Forecasting volcanic eruptions using complexity variations in ambient seismic noise

Presenter: Chagnon Glynn

Date: 2016/03/17

Abstract

Volcanoes are complex and dynamic systems, which for decades have been monitored using seismological, geochemical and geophysical techniques (e.g. GPS, strain and tilt monitors), all of which have very limited real-time monitoring and forecasting applications and can become quite expensive to implement and maintain. Using ambient seismic noise, an omnipresent feature in recorded seismograms that are generated by the interaction of atmospheric disturbances and human activities (stochastic sources), allows for characterization of the medium properties using only one seismic station.
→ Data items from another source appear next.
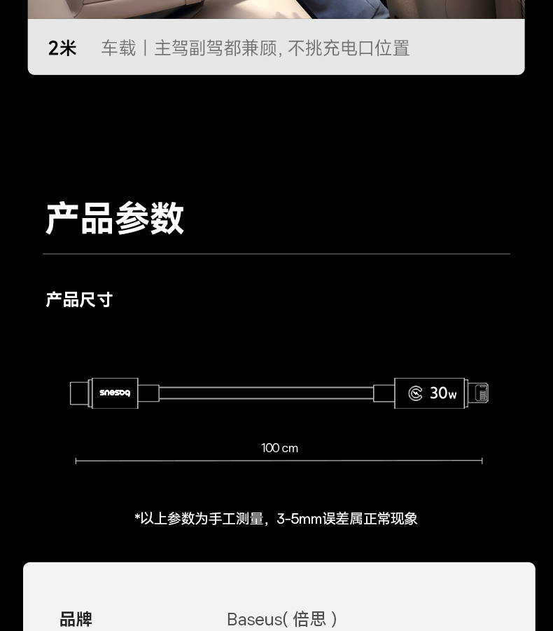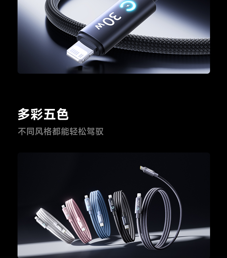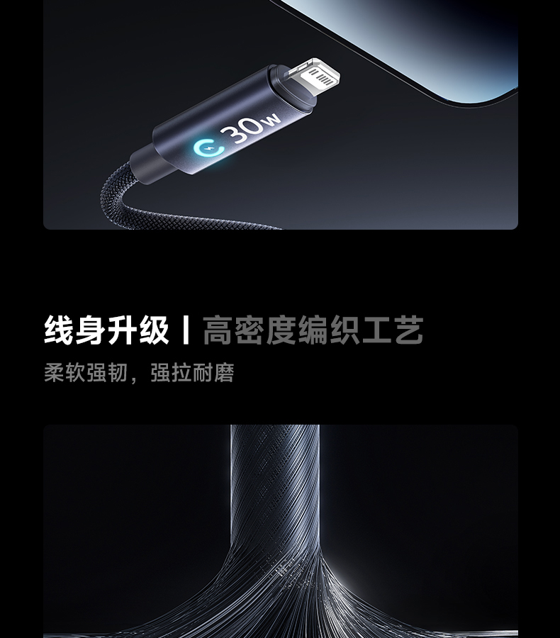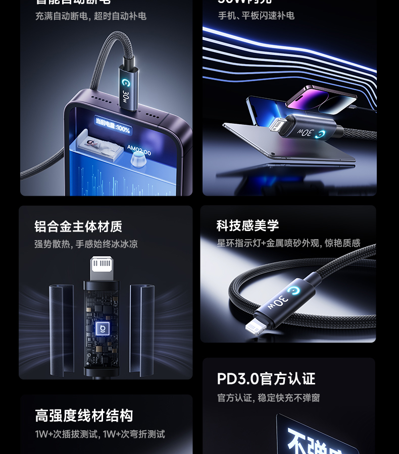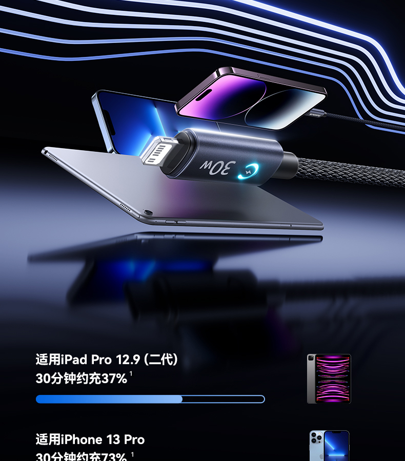 倍思 灵犀系列 智能断电快充数据线Type-C to ip 30W
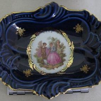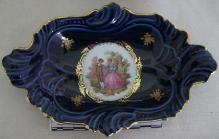 - Bandexa ou despoxador en porcelana de Limoges de fondo azul cobalto, relevo en dourado con motivos florais. Escena central de cortexo.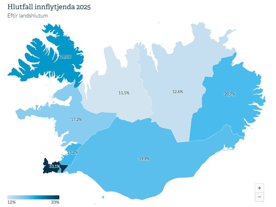 Innflytjendur á Vesturlandi voru 3.081 eða rúmlega 17,3% mannfjöldans 1. janúar 2025. Innflytjendum fækkaði lítilsháttar hlutfallslega á milli ára. Þetta kemur fram í nýjum tölum frá Hagstofu Íslands. Með innflytjanda er átt við þann sem fæddur er erlendis og á foreldra, afa og ömmur sem öll eru fædd erlendis.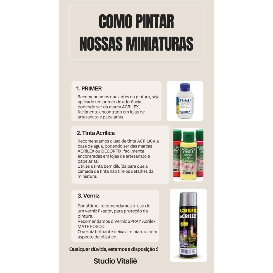 Nossas miniaturas 3D são impressas com resina de alta qualidade e definição, em resina na cor branca, o que facilita na pintura posterior. Recomendamos o uso de Primer para fixação. - O prazo de envio das miniaturas sem pintura é de até 2 dias úteis. - Altura: 4cm Caso tenha alguma dúvida, não hesite em nos perguntar :) Studio Vitaliê
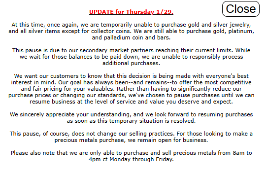 Owner said way more sellers than buyers but still had people coming in to buy. Mentioned they were almost all new to the market, never bought metals before. RGDS!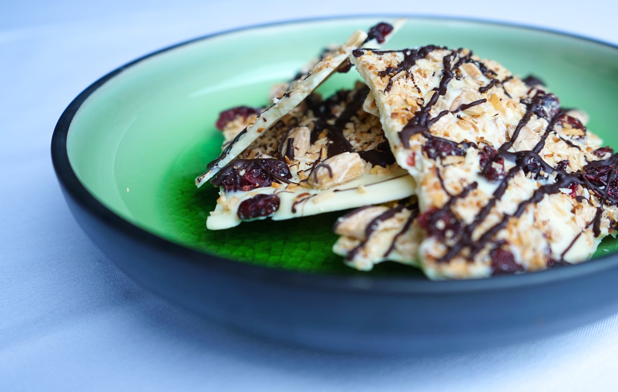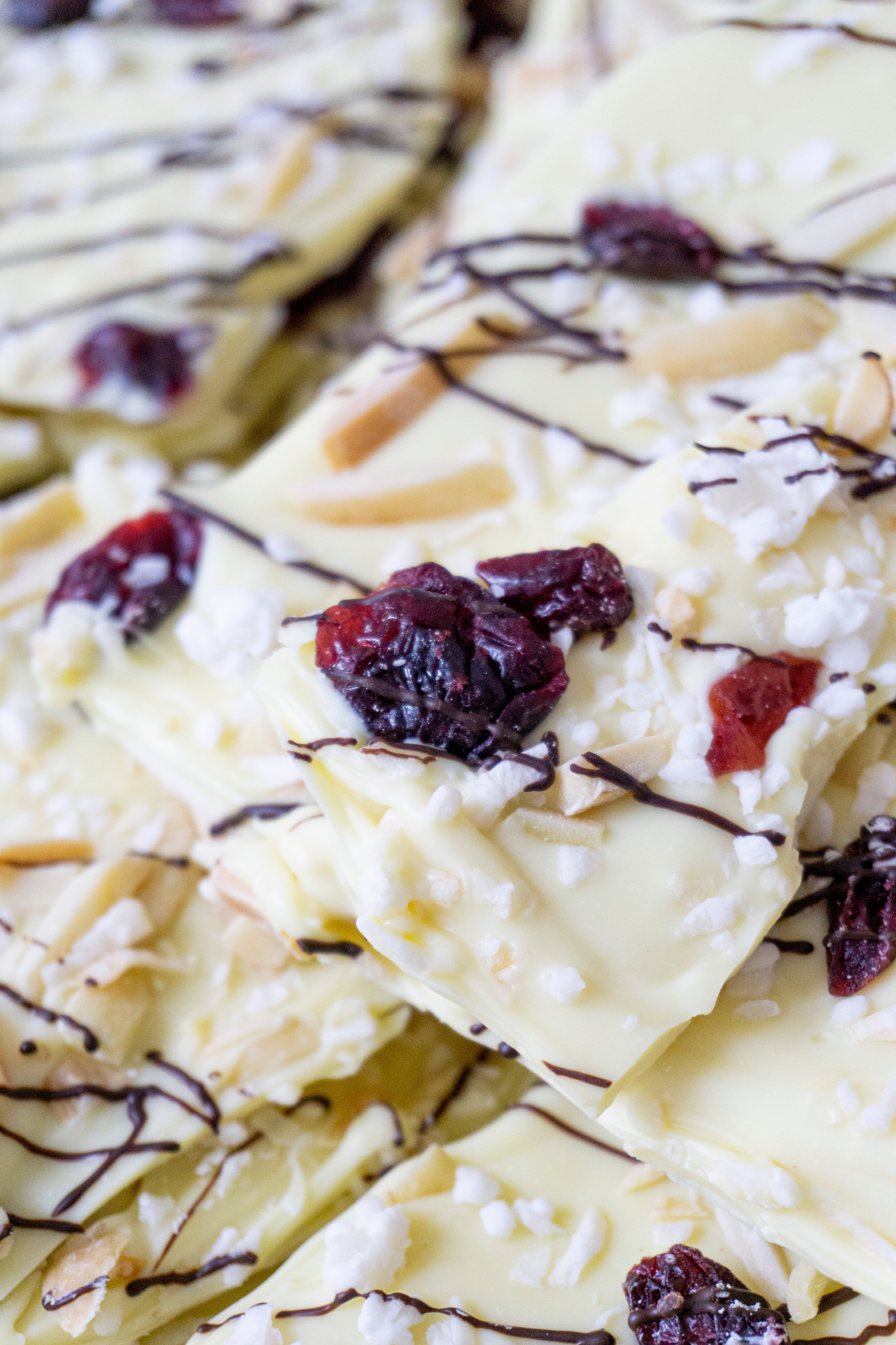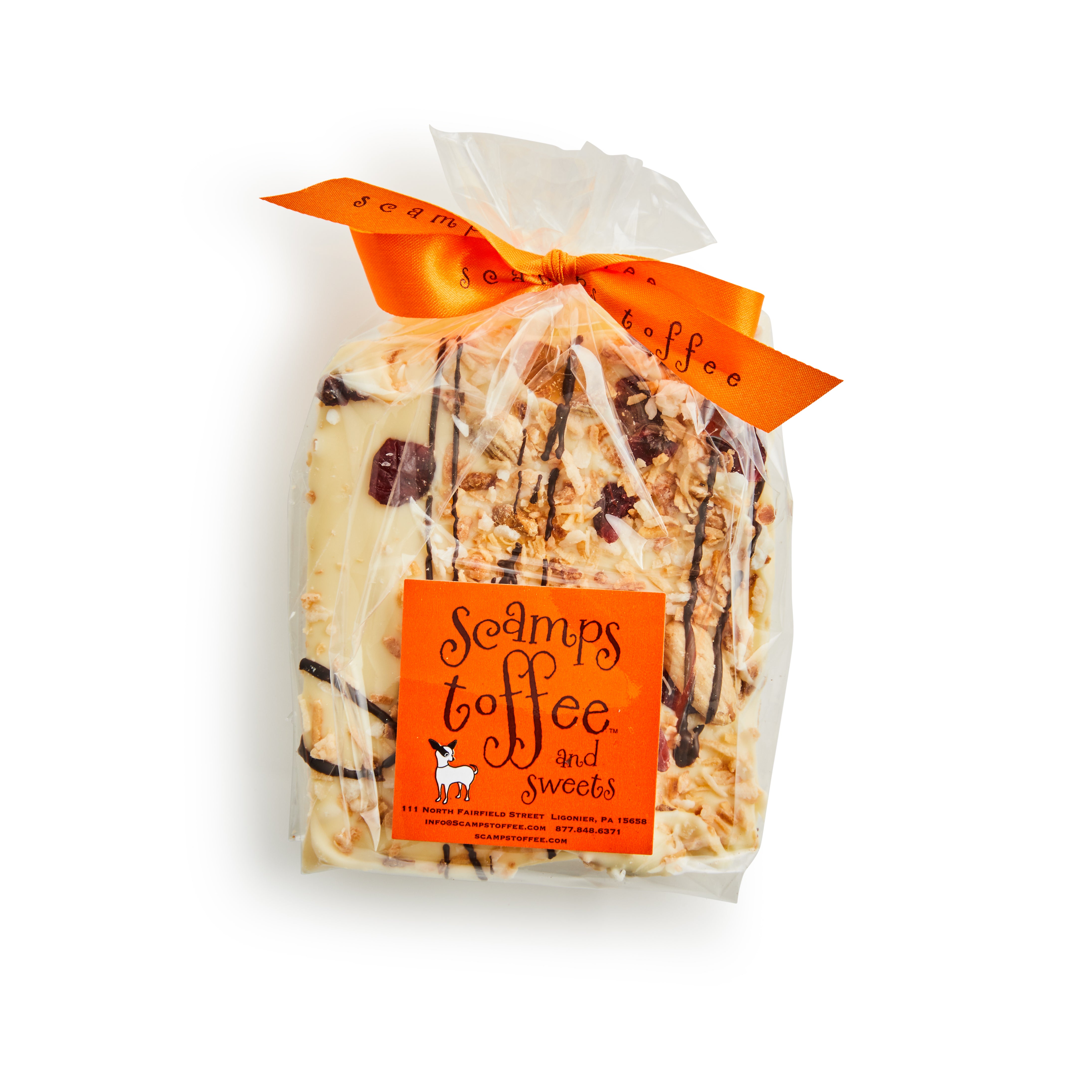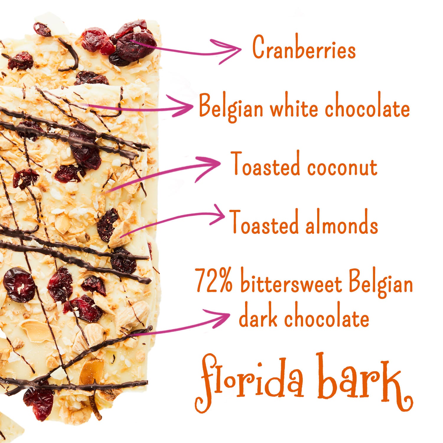 Warm your senses with our creamy white Belgian chocolate, toasted coconut, chopped roasted almonds, tart cranberries with a dark Belgian chocolate drizzle. Don't forget your beach umbrella! All natural, gluten-friendly and preservative free.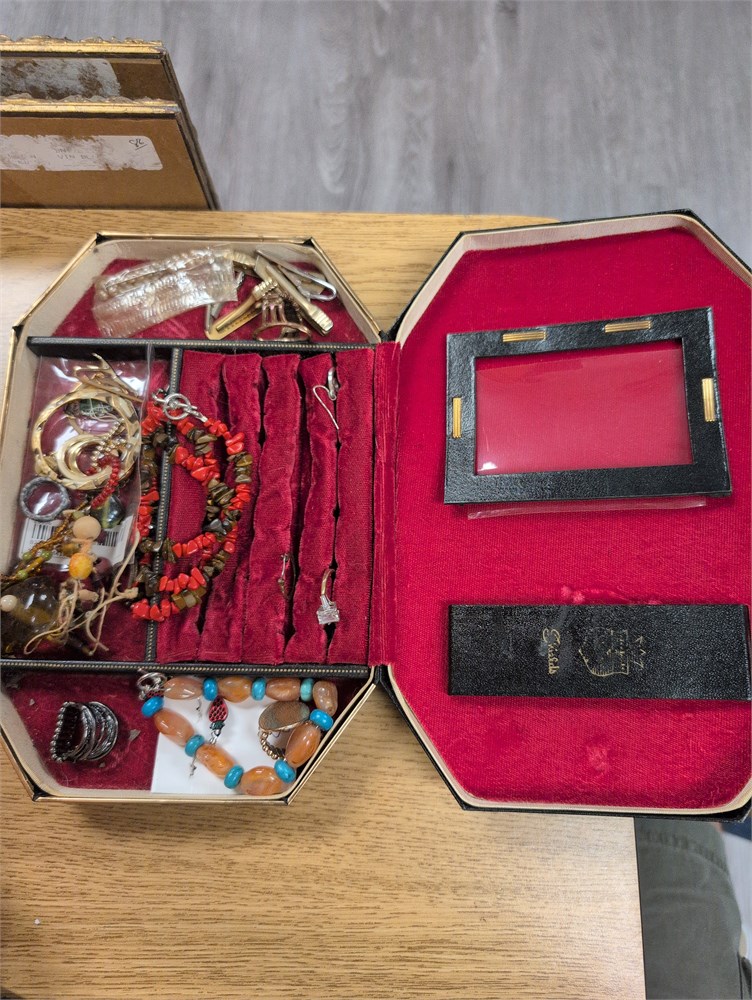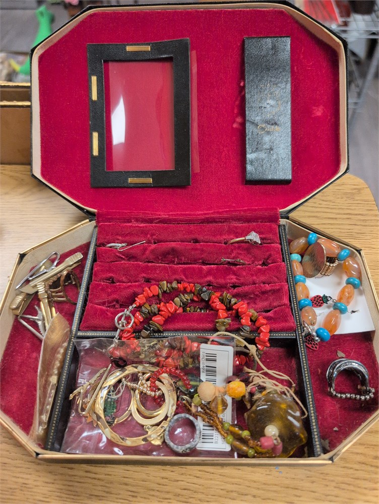 Vintage jewelry box filled with jewelry (d)

This study determines measured complexity variations in ambient seismic noise using permutation entropy (PE) to forecast volcanic eruptions. To do this we used records from the HOTSPOT seismic network for the 1996 Gjálp eruption (the eruptive phase lasted from 30th SEPT to 4th OCT).  Results show PE reached a minimum ~7-9 days before an earthquake (Mw=5.6) and ~9-10 days before the subglacial eruption. The onset earthquake immediately triggered PE to rebound and steadily increase to maximum until the subglacial eruption. This indicates that the ambient noise was stochastic up until ~7-9 days before the earthquake whereby it’s characteristics changed to a more deterministic nature and once the subglacial eruption occurred the ambient noise reverted to it’s “normal” stochastic nature. However, only stations located inland within 50-90km of the ring fault (near Bardarbunga and Grímsvötn volcanoes) were able to capture the complexity variations suggesting a spatial limitation. The observed complexity variations are likely due to changes in the scattering properties in the shallow crust surrounding the volcanoes, which expand and contract spatially depending on the caldera’s extent. The pressurization, caused by magma injection into the caldera changes the medium’s properties from a heterogeneous to more homogeneous nature, thereby reducing scattering (and stochasticity) and allowing a more volcanic deterministic source signal to dominate.